Exercise description: What's needed is the listing below, repeated word for word with no pictures.

Data section:
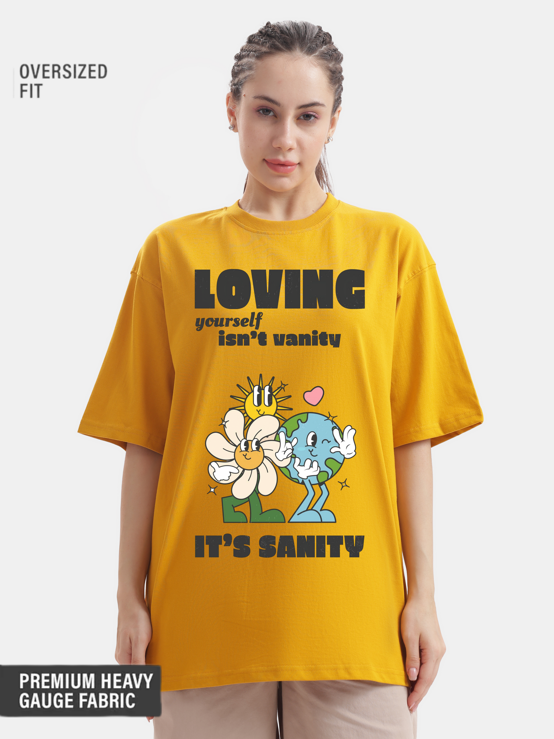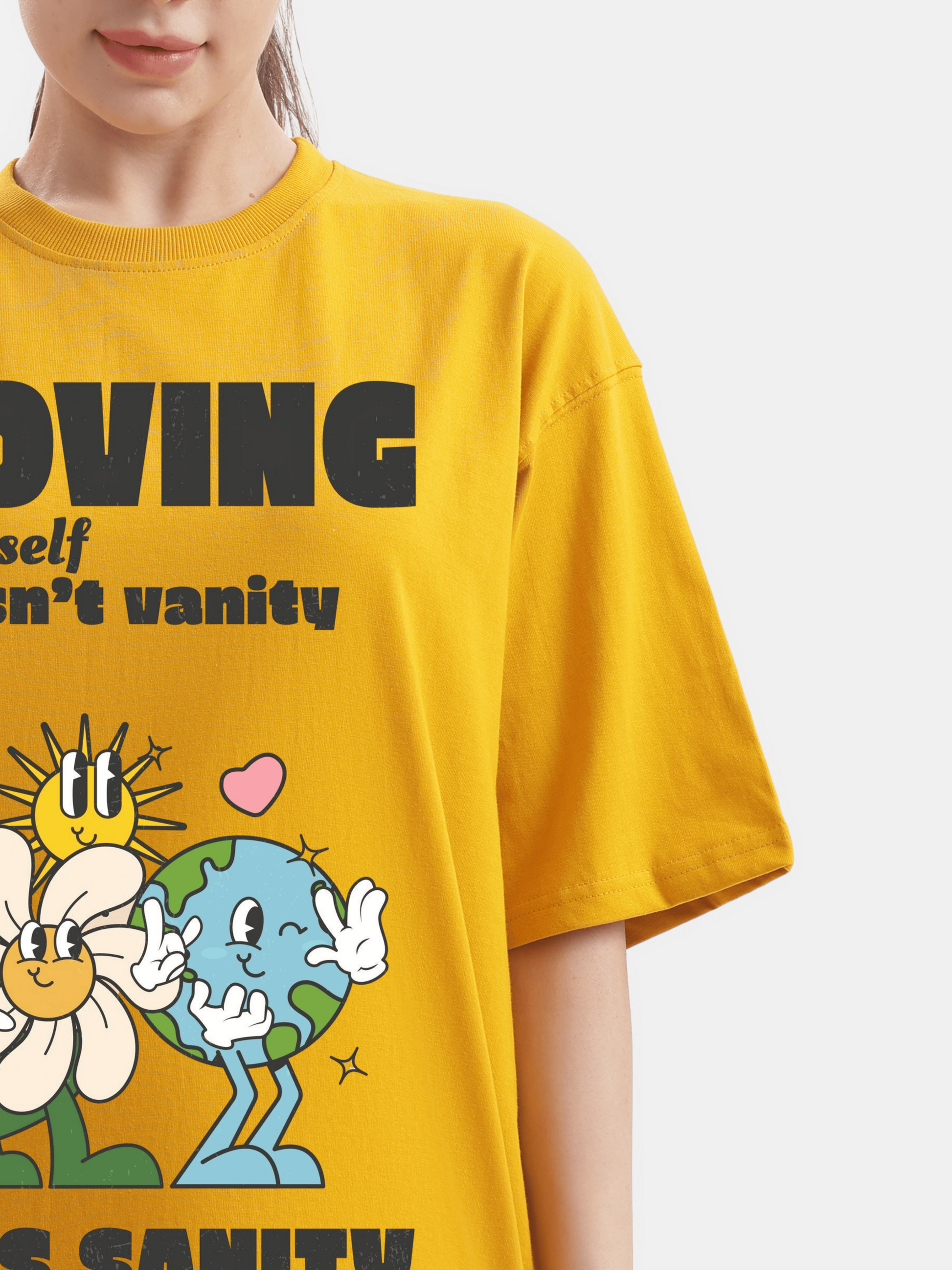 This relaxed oversized mustard yellow t-shirt features a playful animation of Earth and flowers dancing under a sunny sky, surrounded by hearts, all while conveying the uplifting message that "loving yourself isn't vanity it's sanity," making it the perfect casual yet stylish choice to pair with your favorite jeans or favourite shorts for a laid-back day out with your bf (boyfriend) or friends and family.
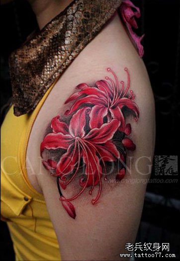 女生后背漂亮潮流的彼岸花纹身图案
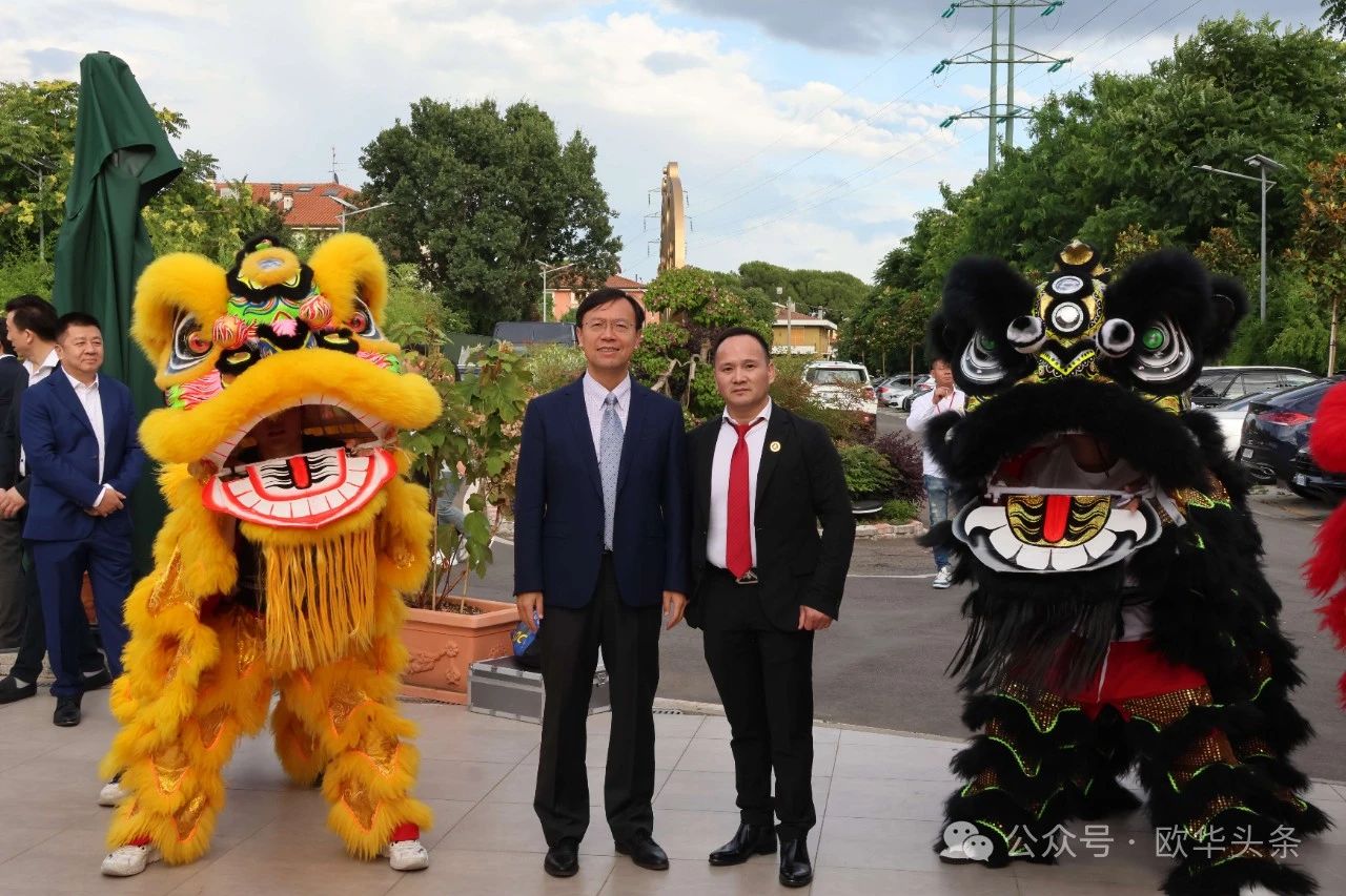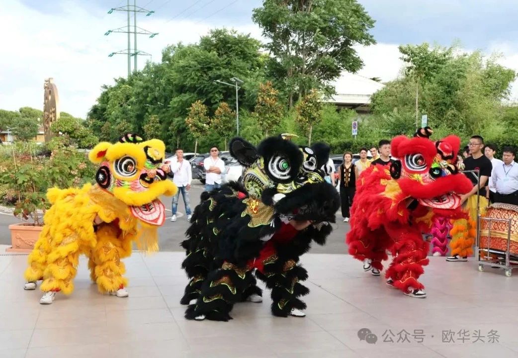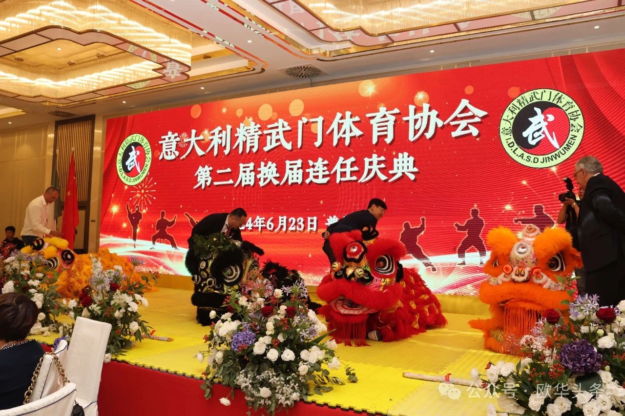 ▲现场响起振奋人心的锣鼓声,舞狮点睛,为意大利精武门体育协会换届大会的圆满举行送上祝福。

Your response:
 This relaxed oversized mustard yellow t-shirt features a playful animation of Earth and flowers dancing under a sunny sky, surrounded by hearts, all while conveying the uplifting message that "loving yourself isn't vanity it's sanity," making it the perfect casual yet stylish choice to pair with your favorite jeans or favourite shorts for a laid-back day out with your bf (boyfriend) or friends and family.
 女生后背漂亮潮流的彼岸花纹身图案
 ▲现场响起振奋人心的锣鼓声,舞狮点睛,为意大利精武门体育协会换届大会的圆满举行送上祝福。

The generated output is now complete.